E como é que processaste tudo isto? Eu sei que usas guitarra e computador, pelo menos. Não se tens por aí mais algumas ferramentas que te tenham ajudado a criar este disco.

Infelizmente não tenho material ao nível de sintetizadores/teclados. São coisas que eu gosto muito mas que gravo através do digital, no computador, como tu disseste. Uso o Ableton com plugins que vou arranjando. Acho que as únicas diferenças que existiram durante a criação deste álbum estão nuns pedais que decidi começar a usar. Usei mais o delay, o chorus… E comecei a usar também um baixo que comprei, muita barato, da marca branca da Thomann, para aí. [Risos] Mas tem sido uma ferramenta insubstituível. Mesmo. É um instrumento que eu sempre quis ter e sempre achei interessante. Finalmente consegui adquirir um e tem sido… Mas eu acho que ele só aparece em três das faixas do álbum.
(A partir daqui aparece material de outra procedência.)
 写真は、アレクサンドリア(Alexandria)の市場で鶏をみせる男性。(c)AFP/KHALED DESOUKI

Só que, desde que o comprei, tem sido fundamental para muitos dos arranjos que tenho feito desde que me juntei à Jinx. A “Pack Your Bags” tem uma cena de baixo muito presente. A “Lullaby for the Inebriate” tem o baixo super presente. São assim algumas das que consigo identificar. Sem dúvida que foi uma grande mudança.

Agora que as salas vão começar a reabrir aos poucos, que planos tens para passar o Wormhole para o formato ao vivo? Já tens até alguma data em mente para o apresentares em concerto?
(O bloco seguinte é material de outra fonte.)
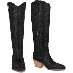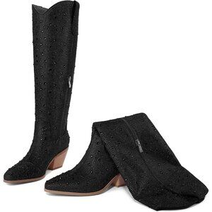 FASHION STYLE Sparkly rhinestone add a touch of glamour and sparkle to these western boots. These mid-calf boots offers a versatile style that pairs well with jeans, skirts, or dresses.

Ainda não tenho uma data mesmo marcada mas há uma data que está por ser marcada. Acho que vai ser no Porto. É a única que, para já, tenho quase a certeza que vai acontecer. Estou um bocadinho preocupado porque acho que vai ser dos concertos mais difíceis de preparar. [Risos] Houve muita coisa deste disco que foi feita de forma mais electrónica, muito através de processamento de efeitos. Gravar, pôr em reverse… Ou seja, são coisas que não são muito reproduzíveis ao nível da performance. Eu vou encontrar maneira de tocar estas coisas, obviamente. Arranjo sempre. Nem que seja dar um twist à música e tocá-la de maneira diferente. Ainda estou a testar. Gostava que este fosse o disco em que eu começo a ter um concerto mais visual, seja com projecção de loops ou… É uma coisa que eu gostava muito de fazer. Sempre gostei desse tipo de concertos, com um lado visual e atmosférico muito presente. Lembro-me da minha influência de Pink Floyd nesse aspecto, que sempre tiveram os vídeos. A cena do The Wall… Totalmente abismal. Houve um concerto em particular que também me inspirou, que foi quando vi o Jon Hopkins a apresentar o Immunity no Musicbox. Estou a pensar nessas referências porque sinto que me marcaram e puxaram por esse meu lado mais cinematográfico. Gostava que fosse assim mas ainda não consigo ter a certeza se o vou conseguir. Até porque, com tudo isto da pandemia, tornou-se mais difícil arranjar pessoal para me ajudar a gravar em vídeo e assim. Vamos ver como é que acontece.

E quanto à música? O Wormhole é um disco para tocares todo sozinho ou estás a pensar adoptar o formato de banda para o recriar em palco?

Eu tenho o sonho de um dia vir a tocar com mais malta. Ter um baterista, um teclista, um baixista, eu na guitarra e teclados… Um bocado ao estilo do que o Bonobo costuma fazer, por exemplo. Mas eu ainda não me sinto muito capaz de conseguir depender de outras pessoas para tocar. Isso pode vir a mudar. Mas neste momento eu não consigo depender dos outros músicos, ter de lhes pagar e tudo mais. [Risos] Mas espero vir a conseguir fazer uma coisa mais ambiciosa. E acho que também faz sentido, para este álbum em particular, ser eu sozinho. Muitos dos concertos que dei foram com um saxofonista, o Kenny Caetano, e gostei imenso da experiência. Por causa dessa experiência, acho que agora quero experimentar e ver como é que o Wormhole funciona comigo sozinho. No máximo, ter as aparições do J-K, do João Tamura ou da Carolina Caldeira.